● **WHAT IS EXPECTED**: Go through the listing below and retype exactly the lines starting at the one with "61 сезон відкриває" and ending at the one with "啤酒企业销量增速情况对比", skipping pictures.

● **DATASET CONTENT**:
==================================================
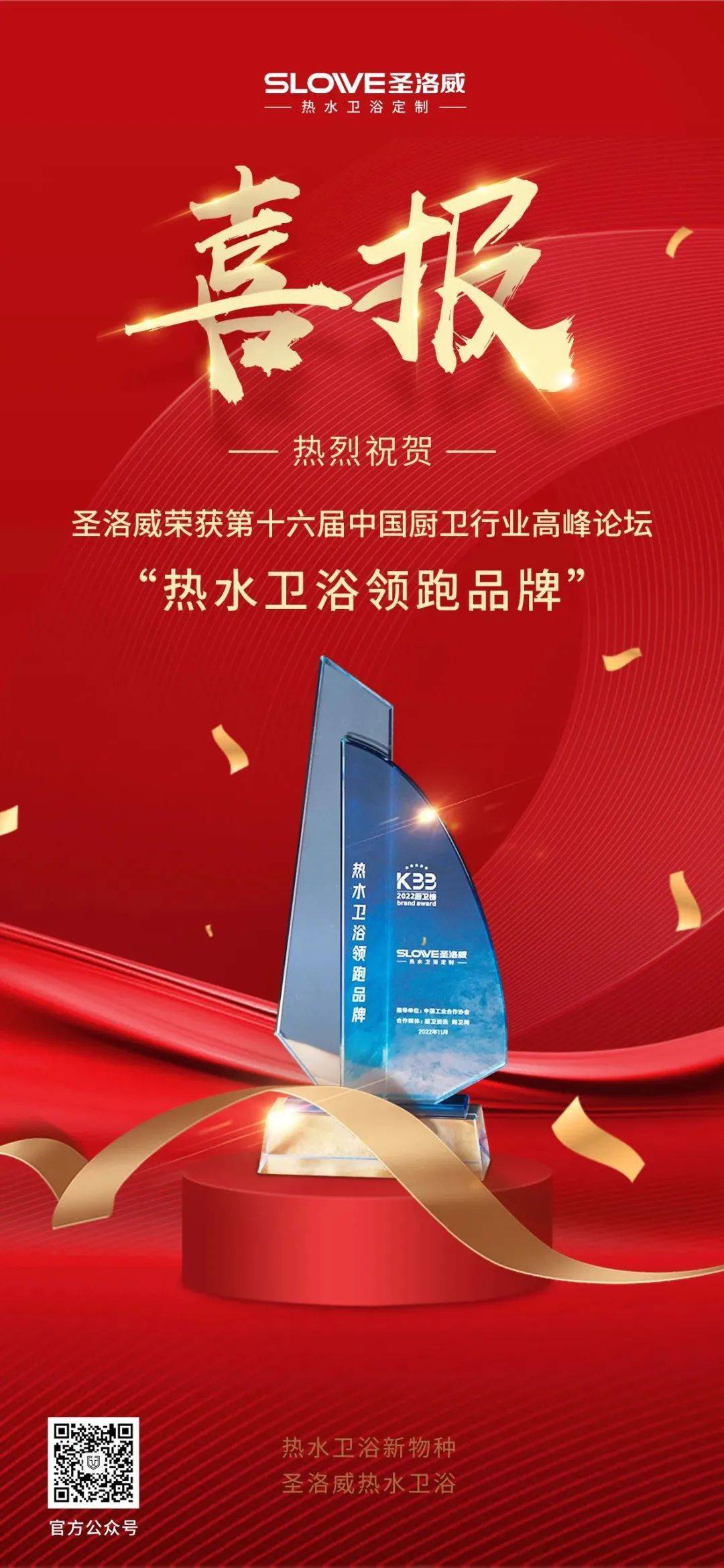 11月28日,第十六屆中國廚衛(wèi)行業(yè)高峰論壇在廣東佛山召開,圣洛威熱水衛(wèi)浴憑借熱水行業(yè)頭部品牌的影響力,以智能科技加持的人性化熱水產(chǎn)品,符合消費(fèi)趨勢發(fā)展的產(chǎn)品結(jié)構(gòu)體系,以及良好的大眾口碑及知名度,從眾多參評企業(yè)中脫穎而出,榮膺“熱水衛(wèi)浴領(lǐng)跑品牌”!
==================================================
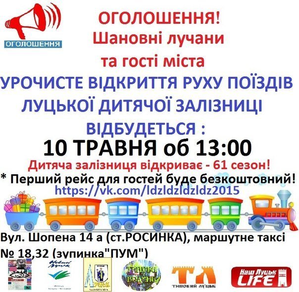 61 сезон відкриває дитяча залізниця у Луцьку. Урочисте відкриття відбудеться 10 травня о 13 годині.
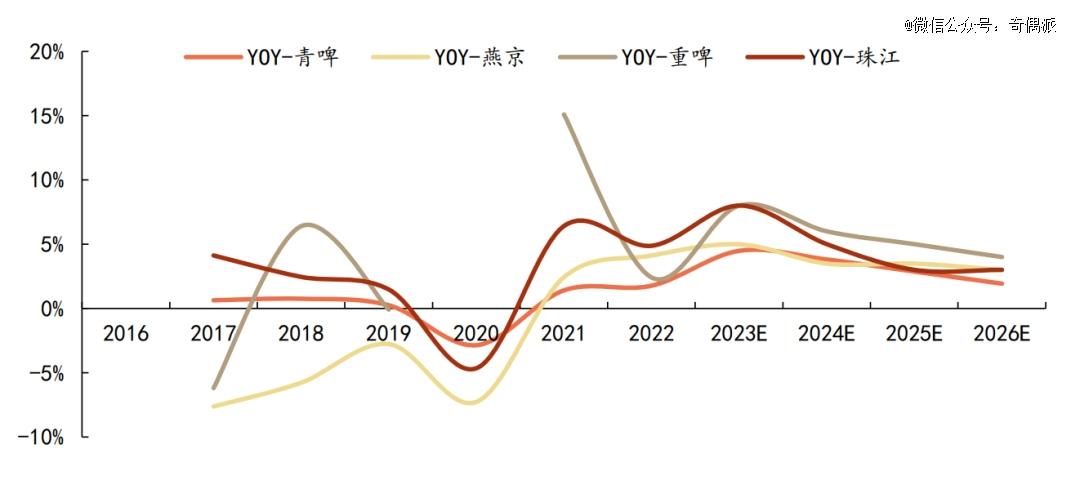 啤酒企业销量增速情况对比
==================================================
● **ANSWER TO THIS EXERCISE**:
 61 сезон відкриває дитяча залізниця у Луцьку. Урочисте відкриття відбудеться 10 травня о 13 годині.
 啤酒企业销量增速情况对比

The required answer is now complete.